Movie 102: The Hidden Fortress

Two greedy bumbling peasants find gold in a stick one day, and go hunting for the rest. A mysterious man comes across their camp, and ends up leading them to a hidden fortress. He’s secretly a famous general, and he uses the idiots plans to get home to try and return a princess and her fortune to their kingdom.

The Hidden Fortress of the title being a bit of a small catalyst to the whole story. Going in I thought this would be about attacking some kind of hidden fortress as I thought that was where the Star Wars influence would come in. That’s because I don’t look to see what films are about all the time.

The shared themes are actually the feisty princess and the story being told with the main characters being a couple of lowly muppets. The two farmer loser soldiers are R2D2 and C3PO. They can be funny at times, a bit annoying at others. What people seem to forget with all the Jar Jar hatred is that Threepio can be a complete twat sometimes so Lucas nailed that.

But this isn’t a Star Wars review.

This is my third Kurosawa movie, and the third good one. It looks great. I’ll say that BFI arsed up a bit with the subs at times again. There’s patches that aren’t translated, and we never get to see all the lyrics to the fire ceremony song which is very important to the third act of the film. Bad BFI. But they are putting these films out so I can’t grumble too much.

While this is great, I do have a few niggles. Tahei and Matakishi, the two farmers, are pretty one note.
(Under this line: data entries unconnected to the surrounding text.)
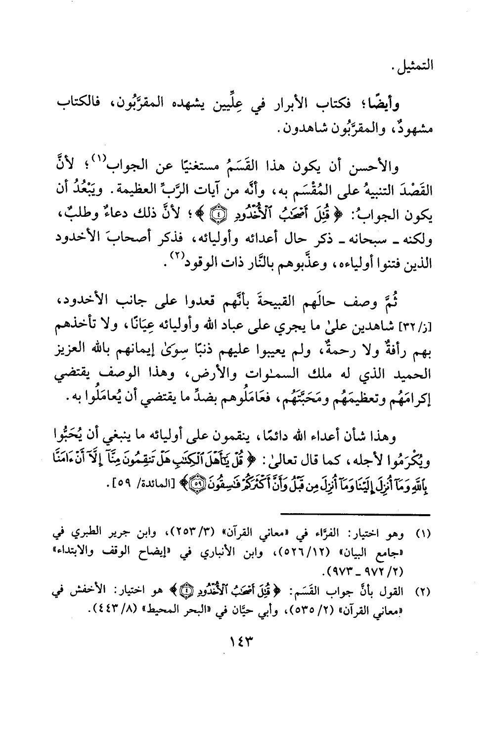 (¬2) القول بأنَّ جواب القَسَم: {قُتِلَ أَصْحَابُ الْأُخْدُودِ (4)} هو اختيار: الأخفش في "معاني القرآن" (2/ 535)، وأبي حيَّان في "البحر المحيط" (8/ 443).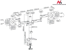 Le support double moniteur de la marque Maclean offre une option de montage universelle pour des moniteurs avec une diagonale de 13" à 27", à condition que leur poids ne dépasse pas 8 kg. Le support convient à différents modèles de moniteurs et téléviseurs LCD ou LED, tout en prenant en charge les standards VESA.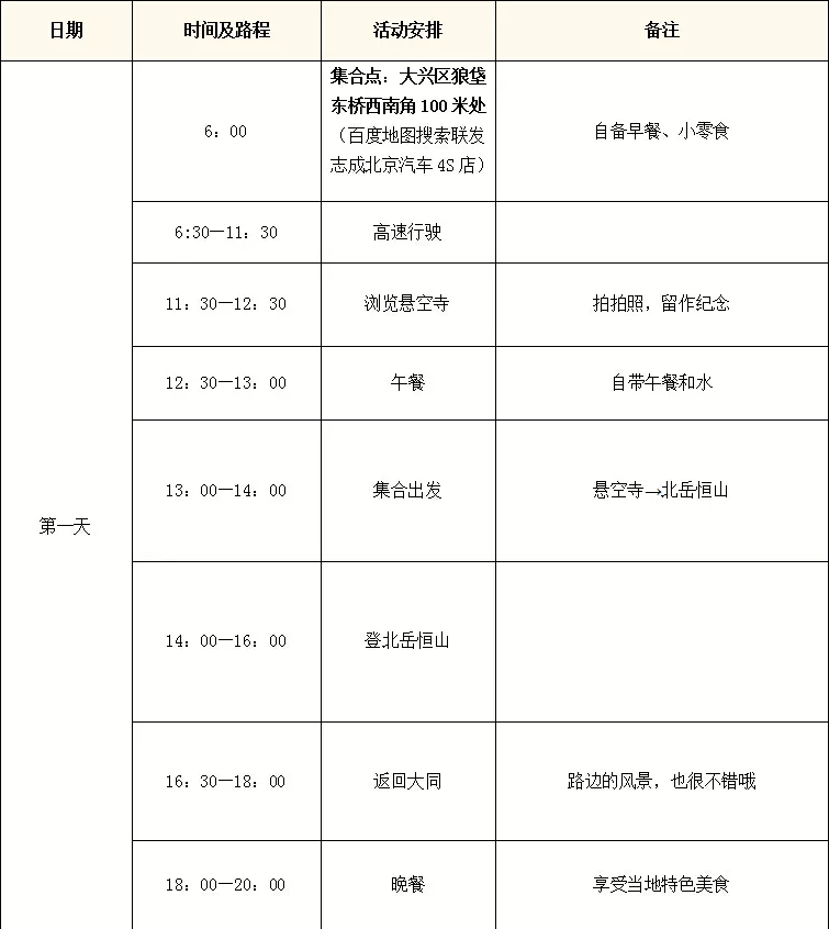 集合地点:6:00在北京市大兴区狼垡东桥西南角100米处(地图搜北京汽车联发志成4S店)集合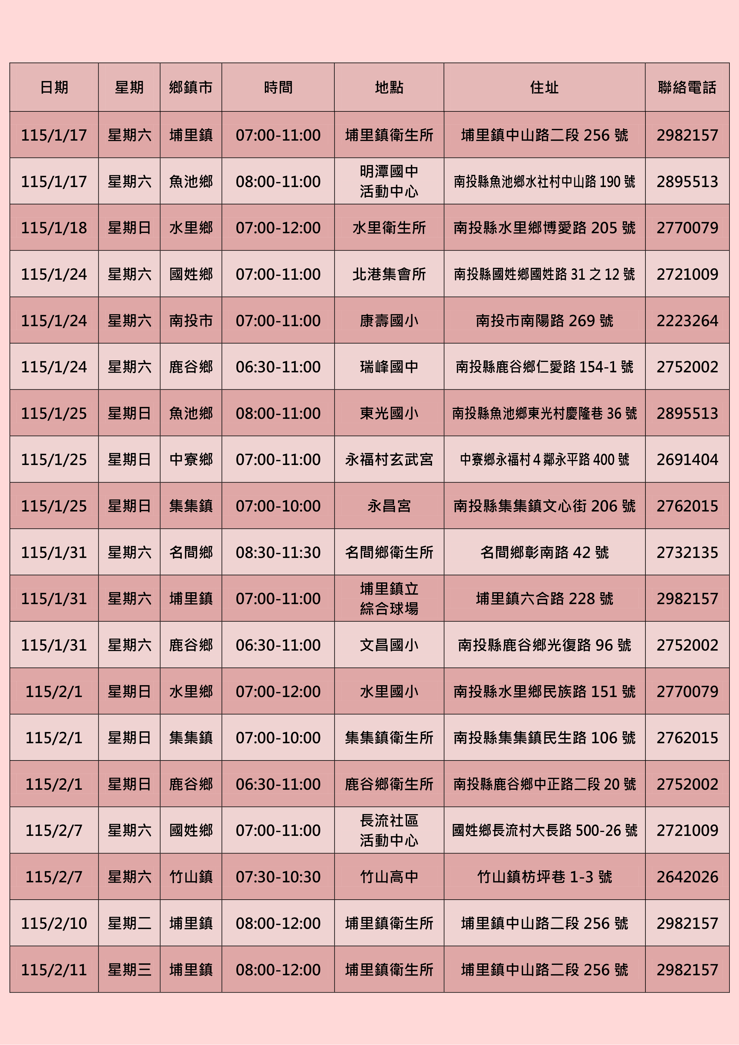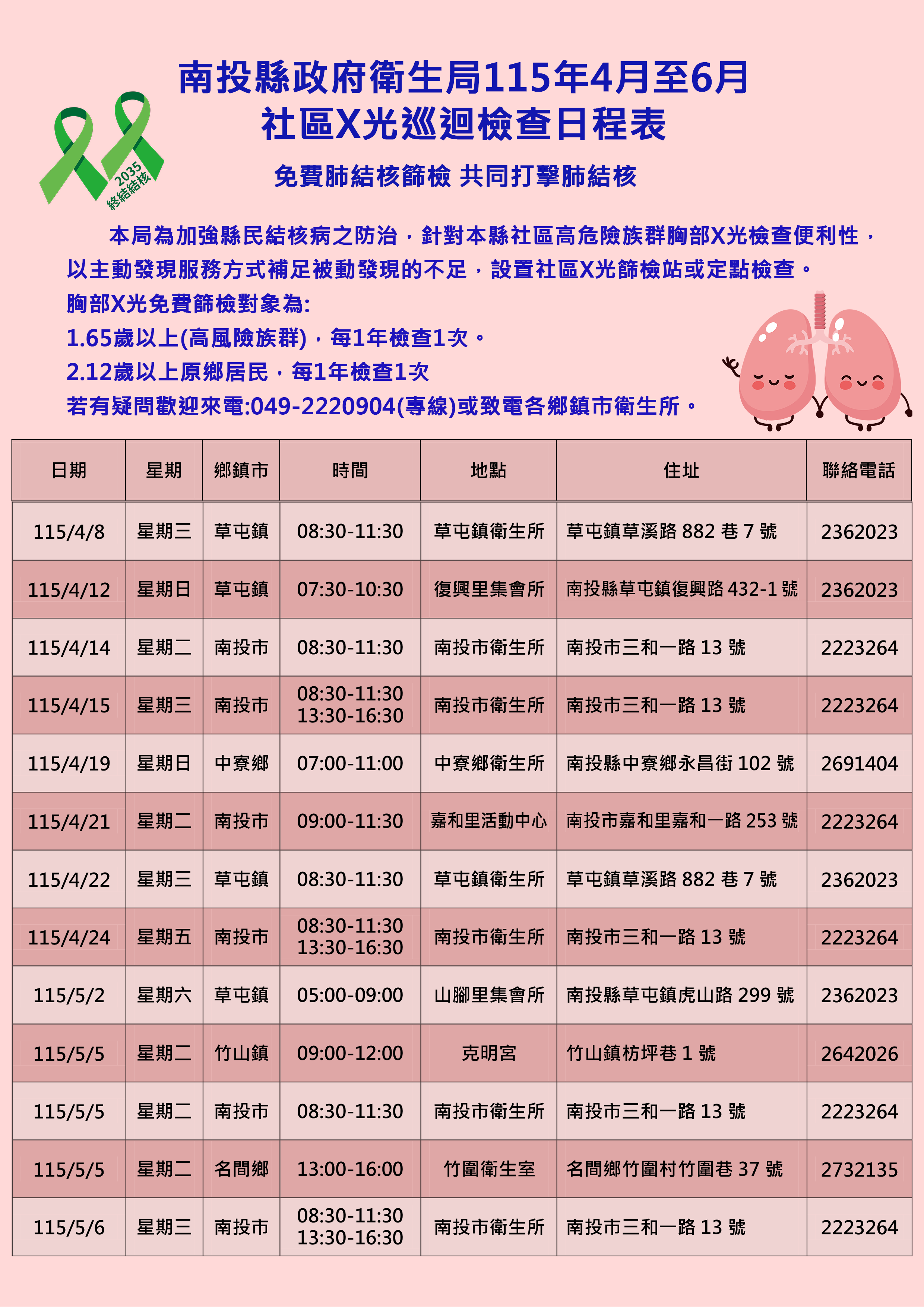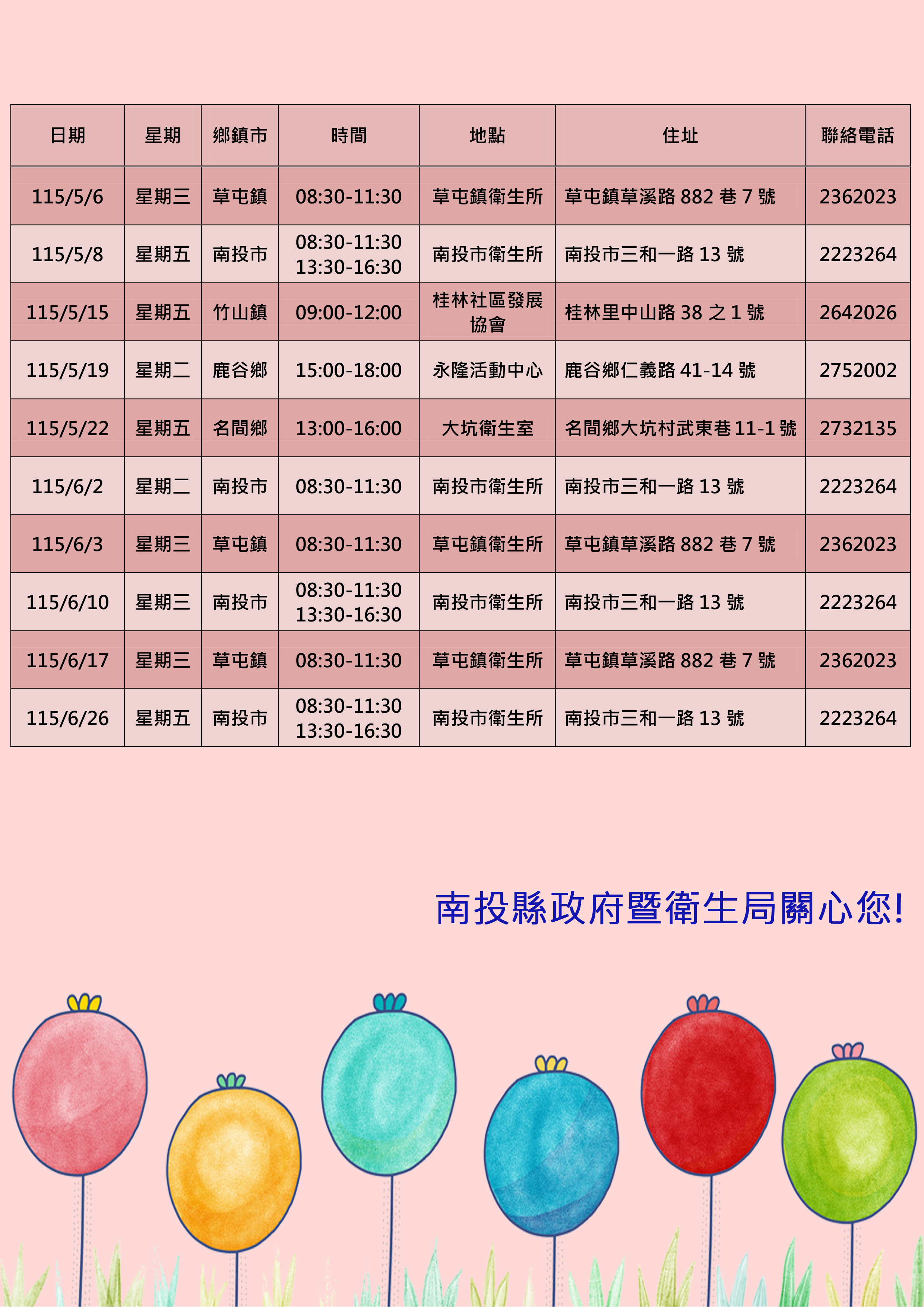 若有疑問歡迎來電:049-2220904(專線)或致電各鄉鎮市衛生所

They aren’t hugely funny, but a bit in a slap stick kind of way. I would have liked a bit more progression for the two of them but its not my movie. Also, the big lance fight between Makabe and Tadokoro was a bit too long but that’s partly to me being used to modern day action than anything else really. It IS realistic, which is nice. Oh and the princess doesn’t have much range, she kind of barks most of her lines which is fine generally but didn’t fit for one scene. That isn’t a Japanese thing really, I’ve seen similar moments played out better.

The good is that its well paced. It looks great and your kept interested throughout, which seeing as it’s a movie about hauling some gold could have easily not been the case. This being a Kurosawa movie you also have a performance by Toshiro Mifune. He’s a bad ass in this film, a complete and utter bad ass. Essentially, to get back to Star Wars, he’s the Obi Wan character but more in his prime than A New Hope Obi Wan. Under a lesser actor he would have either been a one note guy or not believable as a legendary general. Mifune is a master though.

Like any Kurosawa movie I’ll review, if you don’t like subtitles, black and white (that might not apply to all of them) or Japanese cinema then you won’t like this. If you like good old movies or are any level of film fan you will. Great stuff.